Across all jobs in Bermuda, the national average raise is around 5% every 28 months.

By industry

Industries with the highest pay raises in Bermuda:

  • Banking
  • Energy
  • Information Technology
  • Healthcare
  • Travel
  • Construction
  • Education

By experience level

Experienced workers tend to see larger raises. Retaining a senior is cheaper than replacing them, so employers fight harder for them.

  • Junior Level
    3% - 5%
  • Mid-Career
  • Senior Level
  • Top Management

Boat builder and shipwright bonus rates in Bermuda

Bonuses are the other half of total compensation, and they vary a lot between jobs and industries. Some roles are paid almost entirely in base salary; others lean heavily on bonus structures tied to revenue, project completion or company performance. Whether a job pays a bonus, how big it is, and how often it lands all factor into whether the headline salary is actually a good offer.

15%

15% of boat builder and shipwrights in Bermuda reported a bonus of some kind in the past twelve months. That makes a boat builder and shipwright a low-bonus role overall, which is useful context when you're weighing up a job offer where the base is below market.

Among those who did receive a bonus, the size of the payment varied substantially. Reported bonuses ranged from 0% to 4% of base salary. The remaining 85% of boat builder and shipwrights reported no bonus at all over the same period.

Which careers pay bonuses in Bermuda

Revenue-facing roles tend to pay the biggest bonuses. Operational and support roles tend toward smaller, more predictable ones.

  • Finance
  • Architecture
  • Sales
  • Business Development
  • Marketing / Advertising
  • Information Technology
  • Healthcare
  • Insurance
  • Customer Service
  • Human Resources
  • Construction
  • Transport
  • Hospitality

Boat builder and shipwright: public vs private sector pay

Public-sector pay in Bermuda is about 33% more than private-sector pay for similar work. The private sector typically offers stronger upside and bigger bonuses; the public sector typically offers better benefits and stability.

Public vs private pay gap

25%

Public-sector workers earn this much more than private-sector workers in Bermuda on average.

Public sector 21,540 BMD
Private sector 16,140 BMD


Boat Builder and Shipwright in Bermuda: FAQs

  • How much does a boat builder and shipwright make per month in Bermuda?

    A boat builder and shipwright in Bermuda earns about 675 BMD a month before tax, based on an annual average of 8,100 BMD.

  • What's the salary range for a boat builder and shipwright in Bermuda?

    Entry-level boat builder and shipwrights in Bermuda start near 4,840 BMD. Top-end pay reaches around 14,540 BMD. The middle 50% of earners sit between 5,200 and 12,000 BMD.

  • Is the median boat builder and shipwright salary in Bermuda higher or lower than the average?

    The median is 12,020 BMD, higher than the average of 8,100 BMD. Half of boat builder and shipwrights in Bermuda earn below the median, half earn above it.

  • What's the gender pay gap for boat builder and shipwrights in Bermuda?

    Men working as a boat builder and shipwright in Bermuda earn around 4% more than women on average (9,740 vs 9,360 BMD a year).

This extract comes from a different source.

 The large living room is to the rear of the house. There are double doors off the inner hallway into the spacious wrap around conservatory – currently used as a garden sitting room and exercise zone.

  • Do boat builder and shipwrights in Bermuda get bonuses?

    About 15% of boat builder and shipwrights in Bermuda reported a bonus in the past 12 months. Reported bonuses ranged from 0% to 4% of base salary.

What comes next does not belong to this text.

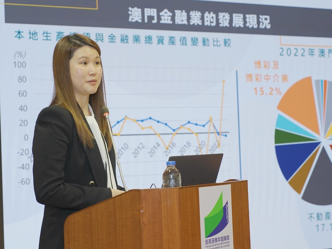 为让本澳中学教职员及时掌握金融业的发展情况及就业前景,以更好地辅助中学生规划升学和职业发展路向,由澳门金融管理局主办、教育及青年发展局协办的“升学路向 — 探索在金融业的发展方向”专题讲座于日前顺利举行,吸引了本澳26所学校47名教职员参加。

  • Do boat builder and shipwrights earn more in the public or private sector in Bermuda?

    In Bermuda, the public sector pays a boat builder and shipwright about 33% more on average. Public-sector pay tends to be steadier; private-sector pay tends to offer bigger upside.

  • How often do boat builder and shipwrights in Bermuda get a pay raise?

    A boat builder and shipwright in Bermuda sees a raise of around 5% every 30 months, equivalent to roughly 2% a year.